Baca Juga:Santer Dikaitkan Kasus SPPD Fiktif DPRD Riau, Muflihun Akhirnya Buka Suara
Dia ditemani tim kuasa hukumnya mendatangi kantor polisi terkait dugaan pemalsuan tanda tangan dalam dokumen perjalanan dinas tahun anggaran 2020 tersebut.
Diketahui, dokumen yang dimaksud ialah Surat Perintah Tugas (SPT) Nomor: 160/SPT/ dan Surat Perintah Perjalanan Dinas (SPPD) Nomor: 090/SPPD/, yang digunakan dalam kegiatan konsultasi Ranperda Penyelenggaraan Kepemudaan ke Kementerian Dalam Negeri di Jakarta, 2-4 Juli 2020.
Berdasarkan hasil penelusuran tim hukum, terdapat indikasi kuat bahwa tanda tangan dalam dokumen tersebut bukan berasal dari Muflihun.
Sementara itu, kuasa hukum Muflihun, Ahmad Yusuf mengatakan kalau pemalsuan itu merupakan bagian dari praktik yang sistematis di lingkungan internal DPRD Riau saat itu.
"Kami menemukan bukti bahwa tanda tangan klien kami dicatut untuk mencairkan dana perjalanan dinas.
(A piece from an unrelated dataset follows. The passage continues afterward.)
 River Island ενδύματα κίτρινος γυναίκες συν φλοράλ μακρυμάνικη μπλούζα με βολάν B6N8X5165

Yang kami laporkan ini baru satu kasus, namun bisa jadi ini hanyalah puncak gunung es," ungkapnya.
Baca Juga:Diusut Polda Sejak Juni 2024, Apa Kabar Kasus SPPD Fiktif di DPRD Riau?
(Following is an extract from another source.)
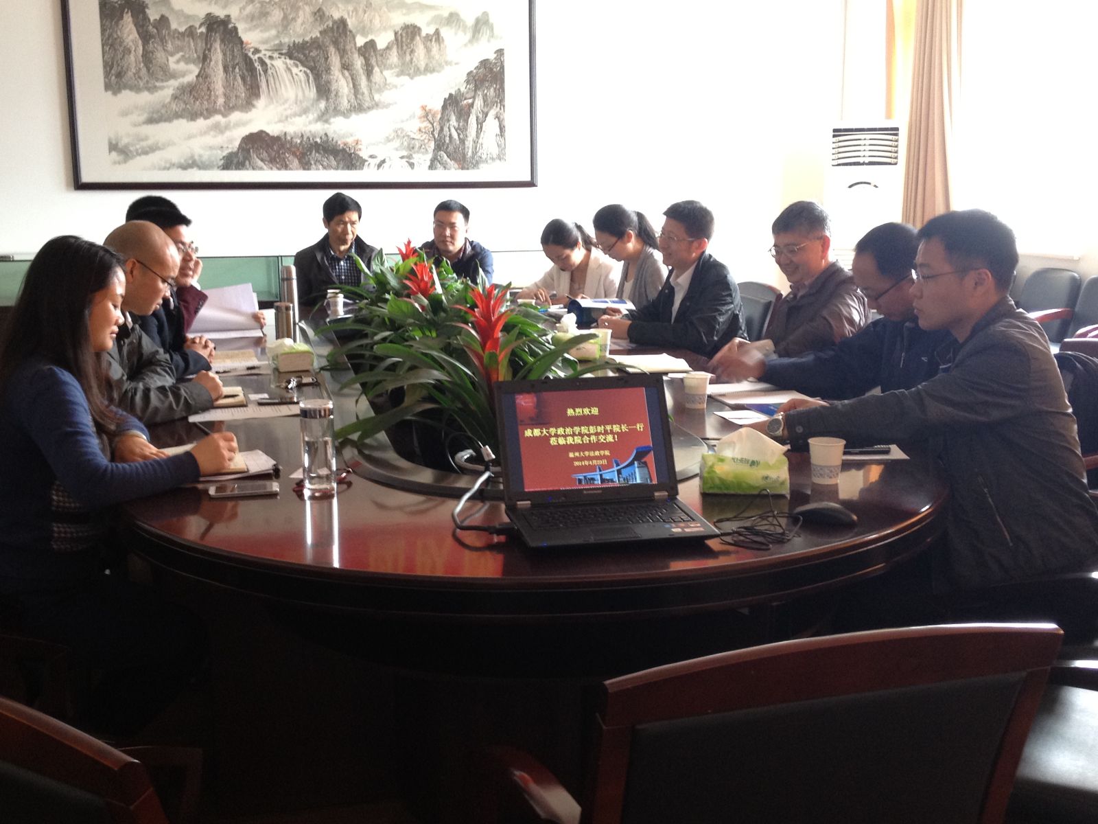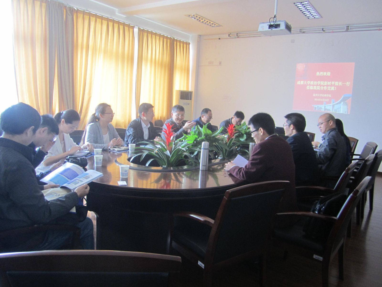 4月23日上午,成都大学政治学院彭时平院长一行8人莅临老王论坛

Tim hukum menduga, pemalsuan ini dilakukan oleh pihak internal yang memiliki akses terhadap dokumen administratif dan keuangan.
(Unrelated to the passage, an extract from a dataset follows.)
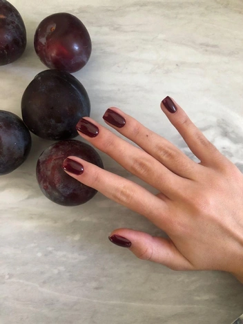 Сливовый цвет всегда воспринимался как более холодная альтернатива винному, но осенью 2025 его вариативность раскрылась по-новому. Этот оттенок напоминает поверхность стеклянной ягоды или насыщенный шелк. В прозрачной версии сливовый выглядит мягко и деликатно, создавая эффект легкого свечения ногтевой пластины. В плотной текстуре он становится графичным, словно очерчивая силуэт руки.

Tidak hanya satu dokumen, mereka percaya bahwa lebih banyak dokumen yang telah dimanipulasi demi kepentingan oknum tertentu.
"Kami meyakini bahwa jika seluruh dokumen SPT dan SPPD tahun 2020-2021 ditelusuri, maka akan ditemukan banyak tanda tangan palsu lainnya. Ini adalah praktik kotor yang selama ini tersembunyi," tegasnya.
Kuasa hukum lainnya, juga menyebutkan dugaan pemalsuan ini tidak bisa dilepaskan dari pola lama yang juga muncul dalam kasus SPPD fiktif yang menjerat Plt. Sekwan DPRD Riau sebelumnya, Tengku Fauzan Tambusai.
Menurut Weny, pola pemalsuan yang menyeret Muflihun sangat mirip dokumen dikeluarkan tanpa otorisasi pejabat sah, dengan tanda tangan yang diduga dipalsukan oleh oknum dalam sistem.
"Nama-nama yang terlibat dalam kasus lama, kini muncul lagi. Ini artinya, ada jaringan yang masih aktif, yang harus segera dibongkar oleh penegak hukum," tegasnya.